Balochistan National Party urges UN panel to act and stop rights abuse in the province.


Mohammad Zafar September 17, 2012

QUETTA:


The Jamhoori Watan Party (JWP) on Sunday took a swipe at the United Nations as a self-seeking organisation from whom not much could be expected on the issue of alleged rights abuses in Balochistan, its president Talal Bugti said.


Though the UN Working Group on Enforced and Involuntary Disappearances has been apprised of the human rights crisis in Balochistan, Talal warned against placing any faith in the international body as it often deploys peacekeepers in those areas where its interest lies.

The delegation of the UN Working Group on Enforced and Involuntary Disappearances, headed by UN Special Rapporteur on Enforced Disappearances Olivier de Frouville, discussed the issue of missing persons with representatives of various nationalist parties and groups for the second consecutive day on Sunday.

Separate delegations of the Balochistan National Party (BNP), Jamhoori Watan Party (JWP), Pakhtunkhwa Milli Awami Party, Hazara Qaumi Jirga and Shia Conference called upon the UN working group at a local hotel in Quetta and presented some reports to the UN body.

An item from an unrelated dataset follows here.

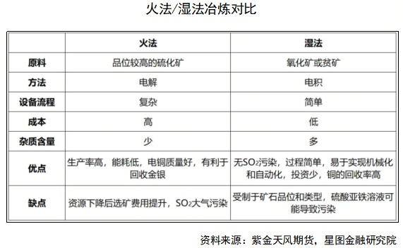废杂铜加工可成为再生精炼铜,而铜精矿冶炼可成为原生精炼铜。铜精矿冶炼主要采用火法冶炼和湿法冶炼,其中火法冶炼是主要炼铜工艺,2021年全球火法炼铜产量占总产量82%,火法冶炼可以粗略地分为“粗炼”和“精炼”两步,粗炼:铜精矿—冰铜—粗铜,精炼:粗铜—阳极铜—精炼铜。废杂铜既可作为原料加入火法冶炼环节以调节炉温、提高产量,也可在后续加工中直接用于制杆等环节来降低成本。
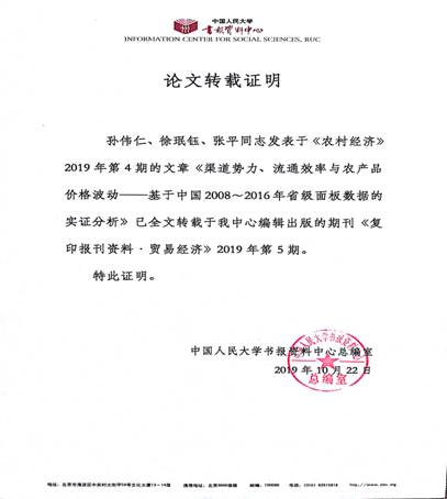 近日,我院教师孙伟仁、徐珉钰、张平发表于《农村经济》2019年第4期的学术论文《渠道势力、流通效率与农产品价格波动——基于中国2008-2016年省级面板数据的实证分析》被中国人民大学书报资料中心复印报刊资料《贸易经济》2019年第5期全文转载。

“More than 13,000 people are missing in Balochistan. Because the JWP has no access to remote areas, our delegation has presented a list of only 650 missing persons with full details,” said Talal, the son of the slain Baloch tribal chieftain Nawab Akbar Bugti.

UN told to play its part

Unlike the JWP, the Balochistan National Party appears more upbeat on the UN officials’ visit. “We urge the UN and other international human rights organisations to play their due role in ending the violation of human rights in Balochistan, otherwise a worse human tragedy could take place,” said the party’s information secretary Agha Hassan Baloch.

A series of atrocities is under way in Balochistan through a well-knit plan and activists are being eliminated so that nobody could raise a voice against the looting and plundering of resources in the province, he added.

The BNP presented the UN body with a list of 62 leaders who were victims of target killing, including BNP Secretary General Habib Jalib Baloch.

“The number of missing persons in Balochistan is above 14,000. However, BNP could only prepare a list of 1,000 missing persons, including the 480 decomposed bodies recovered from desolate areas in the province, to dispatch to the UN and other international organisations of human rights,” said Baloch.

Baloch pointed out that the gross violation of human rights in the province had begun during the regime of Gen (retd) Pervez Musharraf.

A delegation of the Hazara Qaumi Jirga informed the UN working group about the sectarian targeted killings of the Hazara community, saying that the government was not playing its role to prevent such incidents. The jirga urged the UN to exert pressure on the government to ensure the security of people belonging to the Hazara community.

The UN delegation, however, avoided interacting with the media on Sunday.

Published in The Express Tribune, September 17th, 2012.